1 ...7 8 9 11 12 13 ...25 Hungrig war er nicht. Mit einer Hand streichelte er Sam, der neben ihm saß und die Schnauze auf seinen Schoß gelegt hatte.
Als er Soko vor Jahren zum ersten Mal besucht hatte, hatte er sich über den großen Tisch in der Wohnküche gewundert, weil der Schmied damals hier nur mit seiner Mutter gelebt hatte. Sein Vater, Matej Kovarik, der die Schmiede schon von seinem Großvater Jiri übernommen hatte, lebte damals schon nicht mehr. Er war beim Holzmachen von einem fallenden Baumstamm getroffen worden. Da war Soko, der Tierarzt hatte werden wollen, achtzehn Jahre alt gewesen und hatte kurz vor seinem Studium an der Universität in Onden gestanden.
Schließlich hatte er aber auf Drängen seiner Mutter die Schmiede weiter betrieben und diesen Entschluss nicht einen einzigen Tag bereut. Inzwischen liebte er seinen Beruf, und zwar nicht nur, weil er von Mindevol einmal erfahren hatte, dass sein Familienname sogar Schmied bedeutete. Seiner Passion, dem Behandeln kranker Tiere, ging er dennoch nach und es hatte sich über die Jahre herumgesprochen, dass er heilende Hände besaß. Er hatte hinter der Werkstatt, nicht weit vom Waldrand, eine kleine Tierklinik eingerichtet.

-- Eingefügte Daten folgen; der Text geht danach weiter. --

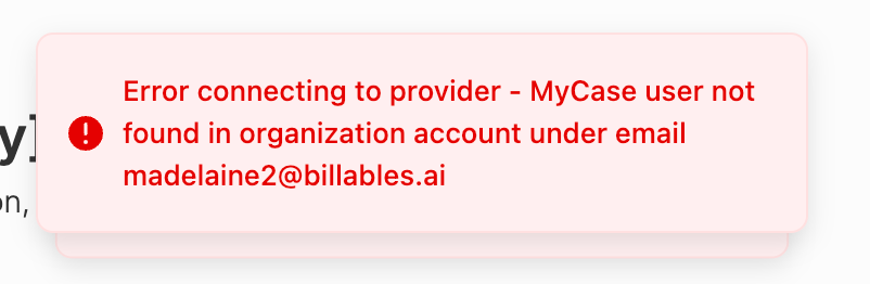 Your MyCase account, Billables account and Microsoft/Google account should all have the same email in order to sync properly.

Dort behandelte er kranke Hunde und Katzen, einen kleinen Waschbären, den Kinder kürzlich verletzt im Wald gefunden hatten, und sogar einen Uhu mit einem gebrochenen Flügel.
Soko war weit über die Grenzen Seringats für seinen Pferdeverstand und seine heilenden Hände bekannt. Er wurde immer dann gerufen, wenn ein Tier krank und der örtliche Tierarzt an seine Grenzen gestoßen war. Aber auch manchem menschlichen Patienten hatte er schon den Rücken oder die Hüfte wieder eingerenkt.

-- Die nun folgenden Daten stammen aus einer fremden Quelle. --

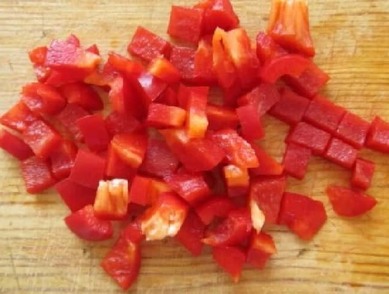 Солодкий болгарський перець очистити від насіння і перегородок і нарізати кубиками.

Vor Kurzem war Agatha bei ihm eingezogen und es gab niemanden im Dorf, der sich darüber nicht mit den beiden gefreut hätte. Aber selbst für drei Personen war der Tisch noch sehr groß. Zur Zeit beschäftigten Effel allerdings vollkommen andere Gedanken, was Soko natürlich nicht entgangen war. Die Sonne war bereits untergegangen. Vor Effel stand ein Glas, das fast bis zum Rand mit einem Rotwein gefüllt war, den Soko nur zu besonderen Anlässen kredenzte. Der Schmied schien gespürt zu haben, dass der heutige Besuch ein solcher Anlass war. Neben einem Krug mit Wasser, das er gerade eben noch aus dem Brunnen geholt hatte, hatte er einen Korb mit einigen Scheiben Schwarzbrot gefüllt. Butter, Käse und Schinken hatte er auf flachen, mit Jagdszenen verzierten Holzbrettern angerichtet.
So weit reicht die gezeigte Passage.